What if my page has no <table> tags — just div-based layouts?

The converter looks for standard HTML <table> elements. CSS grid or flexbox div layouts that look like tables visually but aren't marked up with <table>, <tr>, and <td>/<th> tags won't be extracted, so the output may be empty.

  • Required markup: <table>, <tr>, and <td>/<th> elements
  • Div-based "tables": not recognized — convert the source to real HTML tables first
  • Saved web pages: File → Save As in your browser, then upload the .html file here
  • Spreadsheet exports: most "Export to HTML" features from Excel/Sheets produce real <table> markup

Go Deeper: HTML to XLSX Resources

In-depth articles to help you understand the formats, pick the right settings, and get the best results.

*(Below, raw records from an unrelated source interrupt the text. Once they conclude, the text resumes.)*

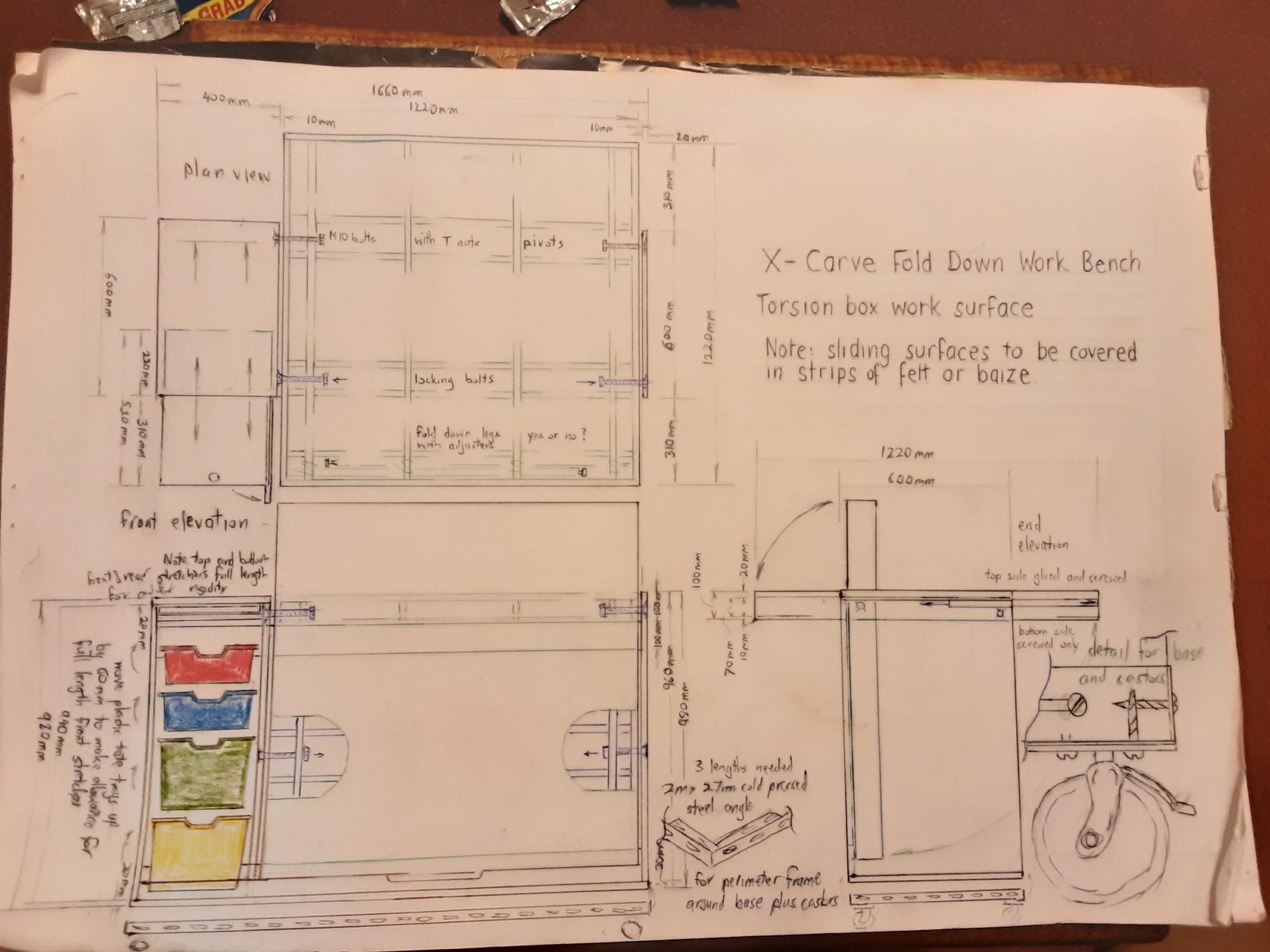 The design is a folding table as my workspace is multi purpose. Once folded down the whole unit will only be 600mm wide... Though quite long (1.6m approx) as I have included a cupboard with four plastic trays and a pull out surface for the control unit and also a laptop.
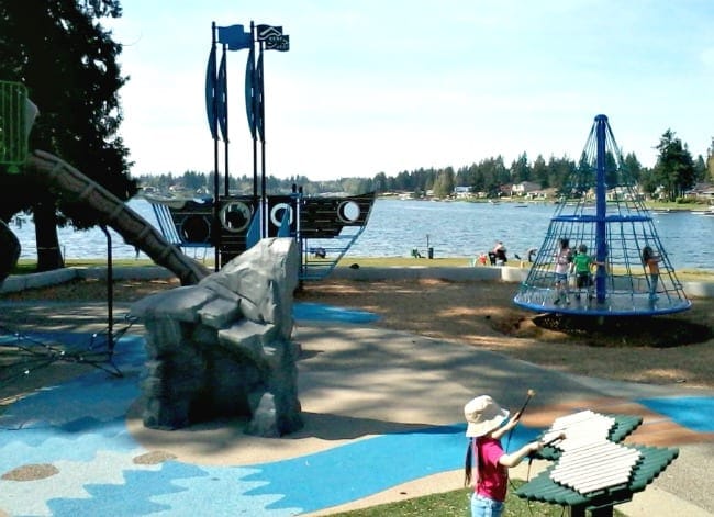 Lake Meridian in Kent has a park that has a pirate theme, with a pirate playship and all. It is also not far from the swimming area of the lake, so your kids can enjoy sand play as well as playground play here too (fields to toss a ball or frisbee on as well). There is also a dock if you want to get some fishing in for the day.
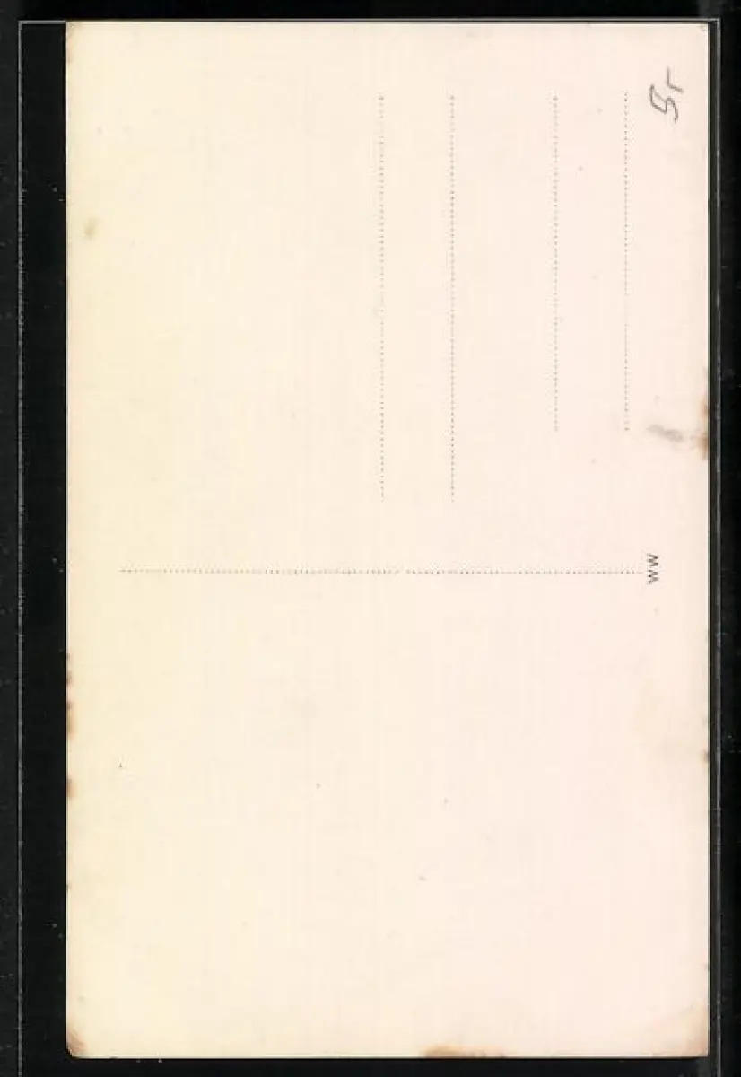 Personenbezogene Daten auf der Rückseite der Karte wurden durch blauen Textmarker unkenntlich gemacht. Die blauen Stellen sind auf die Vorderseite durchgeweicht und wirken sich negativ auf das Postkartenfoto aus
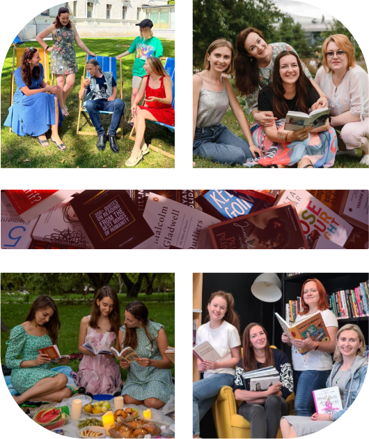 Клуб - это сообщество единомышленников, место, где мы обсуждаем книги, встречаемся с писателями, участвуем в квизах, ходим в театры, посещаем музеи и усадьбы.

Frequently Asked Questions

Each <table> in the HTML file becomes a separate worksheet in the output XLSX. The worksheets are named Sheet1, Sheet2, etc., in the order the tables appear in the HTML.
Yes. <th> elements are placed in the first row and typically formatted bold in the output Excel to indicate they are column headers. <td> cells become regular data rows.
The converter preserves the visual structure of cells with colspan and rowspan attributes as merged cells in the Excel output where possible.
Yes. Save the web page as an HTML file from your browser (File → Save As), then upload that .html file here. The table data will be extracted into XLSX.
The converter looks for standard HTML table elements. CSS grid or flexbox div layouts that look like tables visually but aren't marked up as <table> elements won't be extracted.
No. The output contains only the raw data values from the HTML table cells — no formulas, no conditional formatting. You add those in Excel after conversion.
Yes. The .xlsx output opens directly in Google Sheets via File → Import, or you can share it as a Google Sheets file. All table data imports correctly.